Seguidores

lunes, 19 de octubre de 2015

EMPANADILLAS DE MANZANA Y PASAS

Querida madre: Mientras estoy en el pueblo y dispongo de algún rato libre, me he propuesto aprovecharlo para ordenar armarios y cajones, quiero liberarme de tantas cosas inútiles como vamos acumulando durante años 

¡hasta he encontrado juguetes de cuando tus biznietos eran pequeños!

Entre tantas cosas, he rescatado varios folios que había escrito años atrás. Uno de ellos, que es una carta para ti, dice así:

Como un lamento, como un grito contenido, evoco yo aquél ayer.
En este momento, mientras escucho la música del Lago de los Cisnes, rememoro con nostalgia, mi gran amor que ya se fue.

Me imagino a ese cisne que emitió su último suspiro al atardecer y a su compañera, desolada, por la pérdida de ese amor que nunca más ha de volver.

Mis días se pasan y yo no logro hacerme a la idea de que tanto tú como él, ya no esteis. Perdida me siento, madre mía, aún no sé que puedo hacer.

La música continúa y yo creo ver deslizarse, sobre las aguas azuladas del lago, una silueta blanca que se pierde en la lejanía.

No va erguida, al contrario, está llorosa y pensativa.

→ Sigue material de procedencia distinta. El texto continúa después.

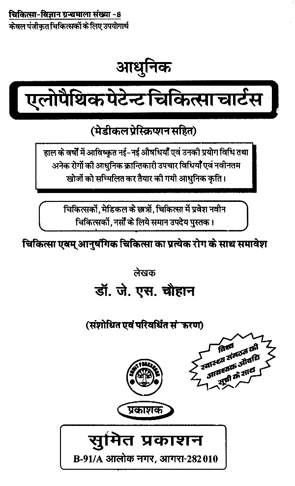 राष्ट्रभाषा के माध्यम से पठन-पाठन के मार्ग में सबसे बड़ी बाधा उपयुक्त पुस्तकों के अभाव की है, विशेषकर चिकित्सा विज्ञान से सम्बन्धित विषर्या पर हिन्दी में सरल एवं सुबोध भाषा में लिखी या अनुदित पुस्तकों का बड़ा अभाव है। फलस्वरूप हिन्दी माध्यम के छात्र-छात्रायें अंग्रेजी माध्यम से अध्ययन करने को विवश होते है। तकनीकी शब्दों का हिन्दी में ज्ञान न होने एवं अंग्रेजी न जानने के कारण चिकित्सा, नर्सिंग एवं अन्य सह-चिकित्सा (पैरा-मैडीकल) विज्ञान के छात्र इनके अध्ययन को अत्यन्त दुर्गम मानते हैं, तथा विषय को सम्पूर्ण रूप से समझ पाने में असमर्थ रहते हैं। 'आधुनिक एलोपैथिक पेटेन्ट चिकित्सा चार्ट्स' के द्वारा इस अभाव को पूर्ति करने का प्रयास किया गया है। हिन्दी भाषा में यह अपने प्रकार का प्रथम ग्रन्थ है। आशा है इसके समुचित उपयोग द्वारा चिकित्सा सम्बन्धी विषय के पठन-पाठन में आसानी होगी।

Los cisnes no cantan, pero hasta mis oídos llega el eco de un sonido gutural, que yo traduzco como una triste despedida.


  
¡Qué sola me siento
desde que te has ido!
En silencio lloro
Porque te he perdido.

Y por mucho que rece,
Y por mucho que implore,
Nada volverá al ayer
¡Aunque te adore!
 
A veces, te siento cerca
Y creo que estás aquí,
¡Hasta oigo abrir la puerta
Y tu voz clamar por mí!




 
Hoy prepararé ese plato,
El que tanto te gustaba a ti,
Espero ansiosa tu llegada
¡Quiero darte lo mejor de mí!






Esta semana voy a haceros algo dulce: EMPANADILLAS DE MANZANA Y PASAS.

INGREDIENTES: Un paquete de empanadillas, 50g de mantequilla, 3-4 manzanas reineta (dependiendo del tamaño), un limón, una o dos cucharadas de azúcar, un huevo, 50g de pasas de Corinto remojadas en vino Pedro Ximénez.

PREPARACIÓN:
1-   Pelar las manzanas, descorazonarlas y rociarlas con el zumo de limón para evitar que se oxiden.

2-   Cortarlas en láminas finas.

3-   Poner una cazuela o sartén sobre el fuego y echar la mantequilla para que se derrita.

4-   Añadir las manzanas laminadas, echar el azúcar y dejar que se vayan rehogando hasta que estén blandas.

5-   Escurrir las pasas de Corinto.

6-   Añadirlas a las manzanas y rehogan todo junto unos minutos.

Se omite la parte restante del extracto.